Caterpillar Sees Drag From Used Equipment as Miners Bounce Back

Image
Krisztian Bocsi/Bloomberg News

Ample used construction-equipment supplies and restrained spending from miners mean the commodities rebound won’t be giving much of a lift to beleaguered Caterpillar Inc., which forecast 2017 results that trailed analysts’ estimates. The shares fell.

The lowered outlook “is happening because business still stinks,” Stephen Volkmann, a New York-based analyst for Jefferies, said in a telephone interview. “The recovery is certainly not happening yet.”

The company said the availability of used construction equipment will weigh on sales in 2017, and it expects capital spending among miners to be flat. In December, Caterpillar said analysts were overestimating its earnings prospects amid continued weakness in some markets. Any benefit from U.S. President Donald Trump’s infrastructure-spending plan and tax reforms probably wouldn’t be seen until some time in 2018, the company said Jan. 26.

Raw materials rebounded in 2016, with the Bloomberg Commodities Index rising for the first time since 2010 on signs of an improving U.S. economy and stabilizing growth in China. Higher commodity prices and better parts sales in each of the last three quarters, along with improvements in quoting and order activity in the fourth quarter, suggest mining-related sales may have bottomed, the company said.



While raw-materials industries are showing signs of recovery, “frankly, the bigger issue is when will we get back to some normal replacement demand?” Brad Halverson, Caterpillar’s chief financial officer, said in a telephone interview. “I would say that we’re not ready to call the recovery in 2017, but we feel a lot better this year than we did last year at this time.”

Revenue will be in a range of $36 billion to $39 billion, with a midpoint of $37.5 billion, the Peoria, Illinois-based company said in a statement Jan. 26. That is less than the $38.1 billion average of 16 analysts’ estimates compiled by Bloomberg News, and indicates annual revenue may fall for a fifth consecutive year. Earnings excluding restructuring costs will be $2.90 a share at the midpoint, compared with the analysts’ estimate of $3.08.

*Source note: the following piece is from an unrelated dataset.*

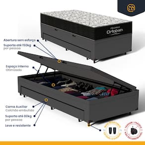 A Base Baú com Auxiliar da Lucas Colchões combina praticidade e durabilidade. A cama auxiliar embutida é uma solução inteligente para otimizar espaço, ideal para visitas ou famílias grandes. Fácil de manusear, pode ser utilizada sempre que necessário e guardada discretamente, mantendo o ambiente organizado. O baú com um super espaço interno, ideal para guardar roupas de cama, edredons, travesseiros, mantas, toalhas e etc. É perfeita para quem busca otimizar espaço sem abrir mão da qualidade e resistência.

In late October, Caterpillar cut its 2016 sales forecast for a fourth time and warned that 2017 wouldn’t be much better as its customers defer orders amid sluggish growth. On Jan. 26, the company reported 2016 revenue of $38.5 billion, down from $47 billion a year earlier. Annual revenue of $37.5 billion would be the lowest since the recession in 2009, according to data compiled by Bloomberg.

Caterpillar shares slipped 1.6% Jan. 26 to $96.56 at 1:15 p.m. in New York.

Investors have made the company’s shares the best performer on the Dow Jones Industrial Average index in the past 12 months, rewarding management for cost cuts intended to mute the effects of a drop in demand from miners and energy explorers.

“We continue to execute in a challenging economic environment and are focused on improving operating margins, profitability and shareholder returns,” CEO Jim Umpleby said in the statement.

The quarter marked the last for former CEO for Doug Oberhelman, who stepped down Jan. 1. He invested almost $20 billion into research and development, capital spending and deals as the commodity industry expanded, only to see emerging markets slow and commodity prices in early 2016 touch the lowest in at least 25 years.

Oberhelman reorganized mining and energy segments, shutting down dozens of factories and cutting thousands of jobs. In early December, Oberhelman said because of tax changes and other policies proposed by Trump he would consider retaining jobs in the U.S. that would have otherwise been shifted abroad. Investors are waiting to see how Umpleby will steer the cost-cutting effort.

“They’re cleaning house,” Eli Lustgarten, an analyst at Longbow Securities, said in a telephone interview before the earnings report. “We’ll see how they follow it up with the changing of a guard happening in a transitioning environment. Can they make the transition now with the new management? And then the question is how do they prepare moving forward the rest of the decade?”

Excluding restructuring costs, fourth-quarter earnings were 83 cents a share, topping the 66-cent average estimate of analysts. Revenue in the quarter dropped 13% from a same period a year earlier to $9.57 billion.